For the entries below, the expected answer is the line with "Set obsahuje šatočky, nohavice", the line with "早速ビールで釣果を願って乾杯。深夜2時まで焼き肉パーティー。", and every line between them, exactly as written, and nothing more.

Records supplied:
━━━━━━━━━━━━━━━━

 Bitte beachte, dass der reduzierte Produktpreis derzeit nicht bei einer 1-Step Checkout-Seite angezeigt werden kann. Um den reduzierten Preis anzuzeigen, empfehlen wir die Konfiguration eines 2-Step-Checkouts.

━━━━━━━━━━━━━━━━

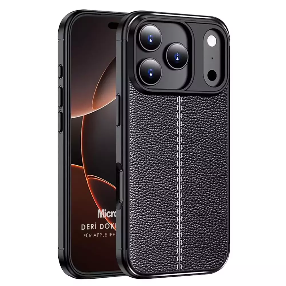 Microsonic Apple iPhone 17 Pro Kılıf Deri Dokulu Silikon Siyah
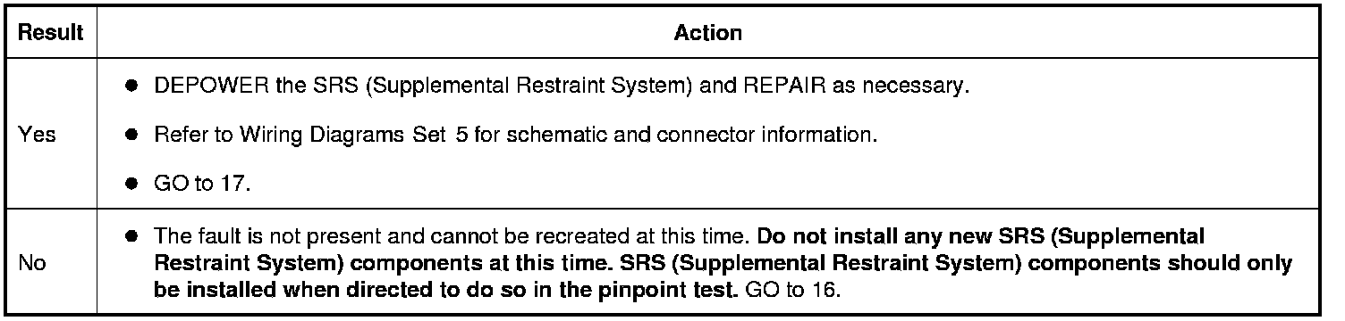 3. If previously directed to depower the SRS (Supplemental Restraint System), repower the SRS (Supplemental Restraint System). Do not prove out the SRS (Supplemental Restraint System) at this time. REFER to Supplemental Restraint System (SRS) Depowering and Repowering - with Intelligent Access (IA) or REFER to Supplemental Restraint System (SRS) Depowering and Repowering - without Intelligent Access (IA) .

━━━━━━━━━━━━━━━━

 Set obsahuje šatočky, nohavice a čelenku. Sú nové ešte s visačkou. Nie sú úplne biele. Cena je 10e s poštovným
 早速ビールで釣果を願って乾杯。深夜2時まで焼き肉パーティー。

━━━━━━━━━━━━━━━━

Task response:
 Set obsahuje šatočky, nohavice a čelenku. Sú nové ešte s visačkou. Nie sú úplne biele. Cena je 10e s poštovným
 早速ビールで釣果を願って乾杯。深夜2時まで焼き肉パーティー。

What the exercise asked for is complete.